**PROBLEM REQUIREMENTS**.
Given the records below, the lines starting at the line with "中华民国史大事记>19210502" and ending at the line with "Running plot of" should be output exactly, both end lines kept and pictures left out.

== DATA SECTION ==

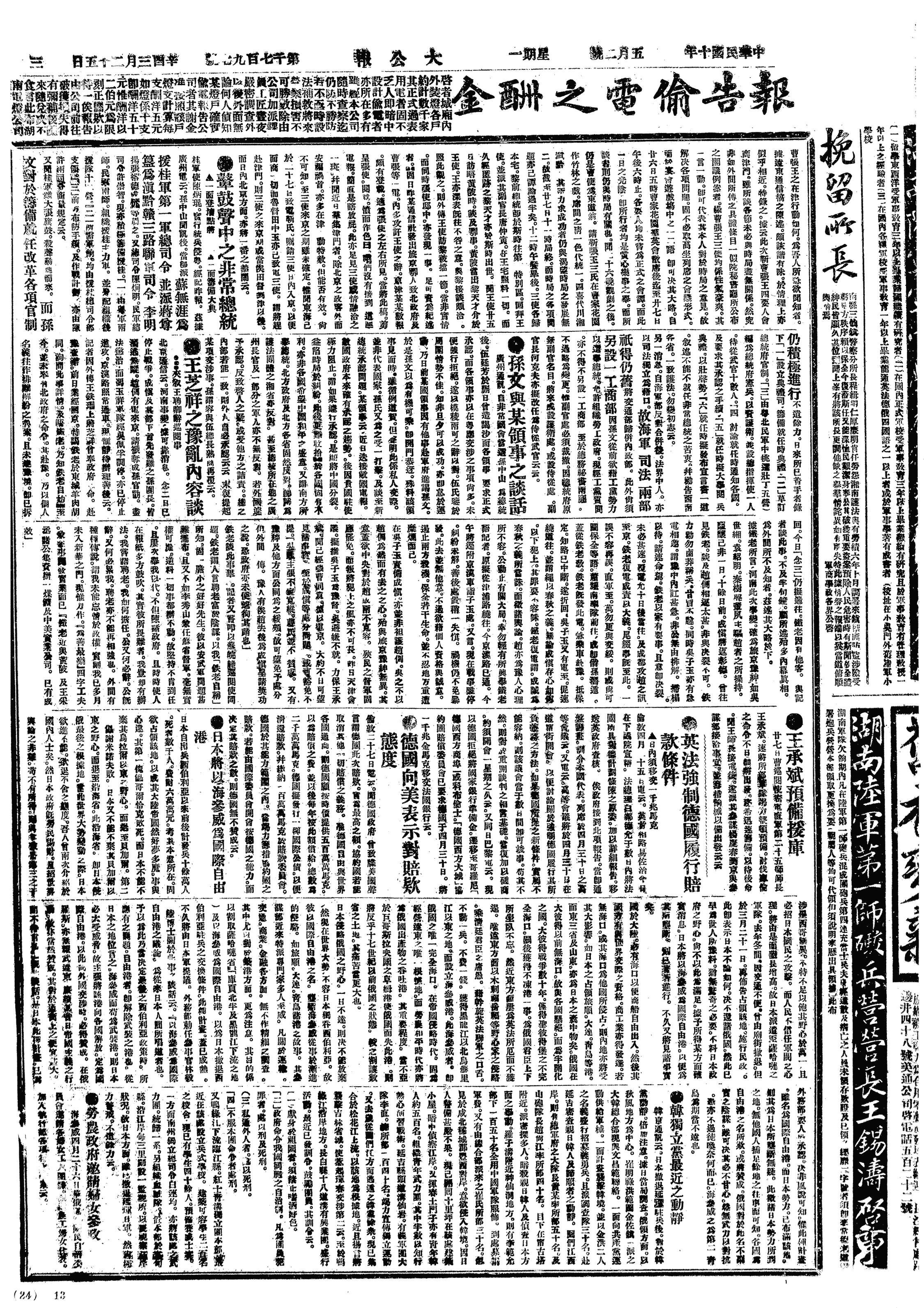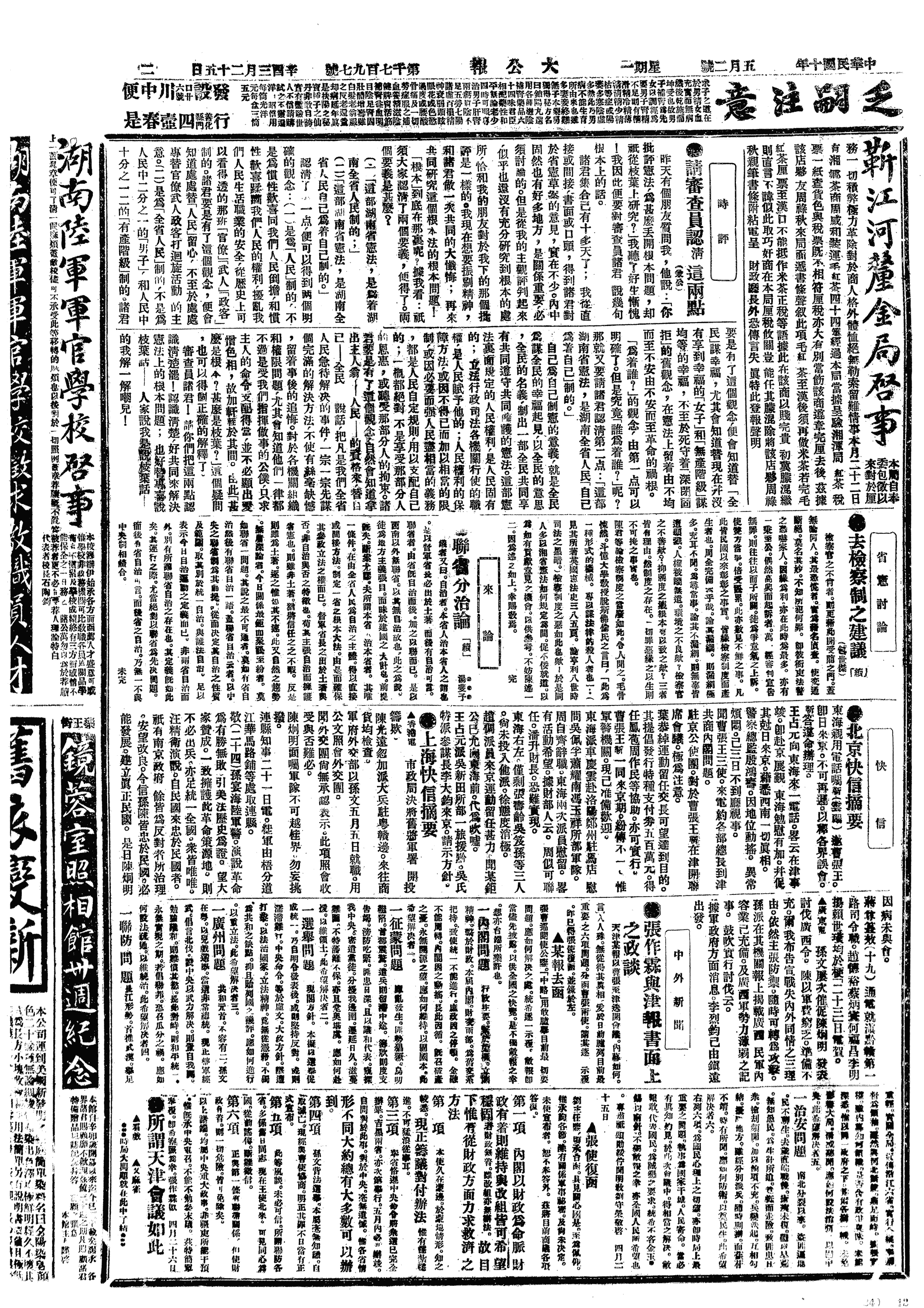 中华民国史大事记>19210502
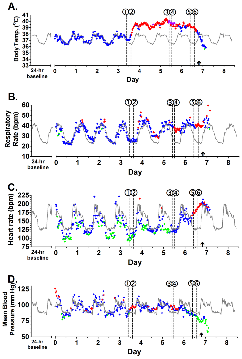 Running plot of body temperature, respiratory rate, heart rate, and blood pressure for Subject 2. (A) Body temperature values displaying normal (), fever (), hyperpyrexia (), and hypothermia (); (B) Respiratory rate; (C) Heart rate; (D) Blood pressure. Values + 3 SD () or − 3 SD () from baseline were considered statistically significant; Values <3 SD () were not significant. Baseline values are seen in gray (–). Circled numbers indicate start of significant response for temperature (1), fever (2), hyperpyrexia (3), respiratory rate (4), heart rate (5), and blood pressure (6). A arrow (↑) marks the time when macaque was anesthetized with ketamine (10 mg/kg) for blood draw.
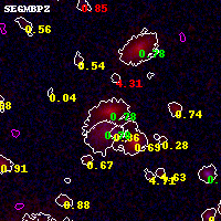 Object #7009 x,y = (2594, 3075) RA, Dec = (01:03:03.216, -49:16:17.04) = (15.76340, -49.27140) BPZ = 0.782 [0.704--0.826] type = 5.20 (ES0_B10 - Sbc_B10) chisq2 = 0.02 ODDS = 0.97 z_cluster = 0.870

===
== DATA SECTION ==

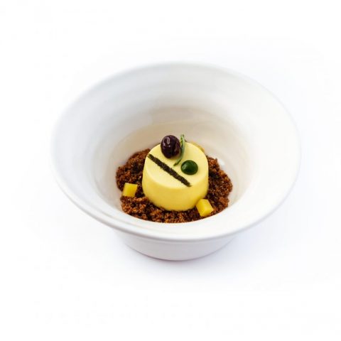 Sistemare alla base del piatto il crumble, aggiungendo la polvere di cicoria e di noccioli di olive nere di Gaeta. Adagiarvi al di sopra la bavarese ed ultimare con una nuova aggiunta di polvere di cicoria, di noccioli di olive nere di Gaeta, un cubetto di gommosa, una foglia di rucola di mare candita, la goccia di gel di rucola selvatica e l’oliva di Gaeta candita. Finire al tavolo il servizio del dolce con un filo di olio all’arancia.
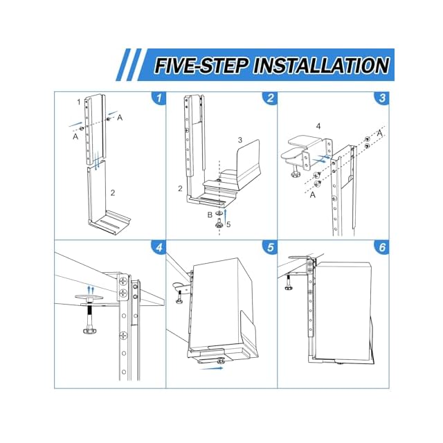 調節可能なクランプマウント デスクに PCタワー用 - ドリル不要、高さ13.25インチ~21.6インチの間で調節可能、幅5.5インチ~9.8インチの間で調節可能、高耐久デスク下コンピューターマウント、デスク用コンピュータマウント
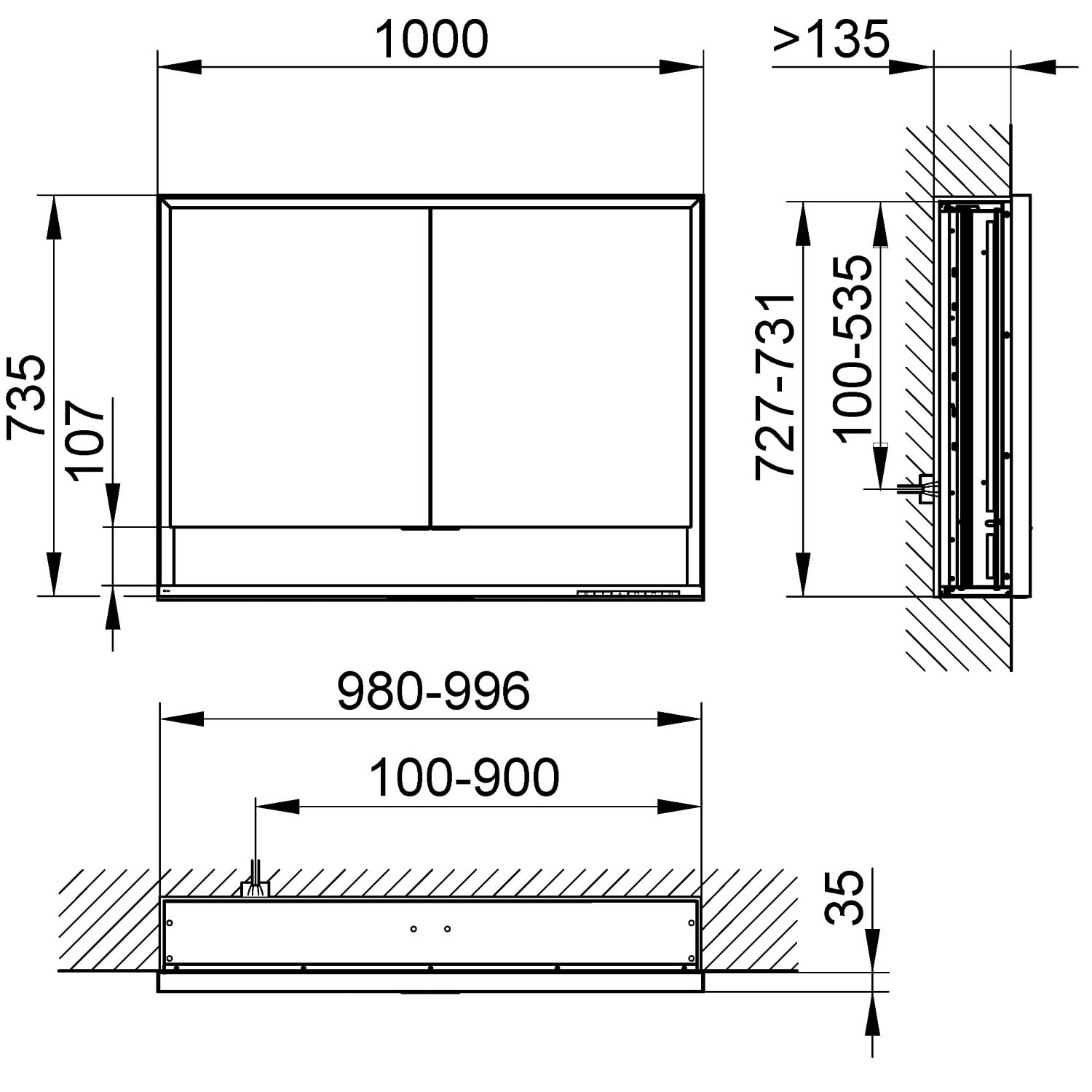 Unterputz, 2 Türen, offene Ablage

===

**RESPONSE**.
 中华民国史大事记>19210502
 Running plot of body temperature, respiratory rate, heart rate, and blood pressure for Subject 2. (A) Body temperature values displaying normal (), fever (), hyperpyrexia (), and hypothermia (); (B) Respiratory rate; (C) Heart rate; (D) Blood pressure. Values + 3 SD () or − 3 SD () from baseline were considered statistically significant; Values <3 SD () were not significant. Baseline values are seen in gray (–). Circled numbers indicate start of significant response for temperature (1), fever (2), hyperpyrexia (3), respiratory rate (4), heart rate (5), and blood pressure (6). A arrow (↑) marks the time when macaque was anesthetized with ketamine (10 mg/kg) for blood draw.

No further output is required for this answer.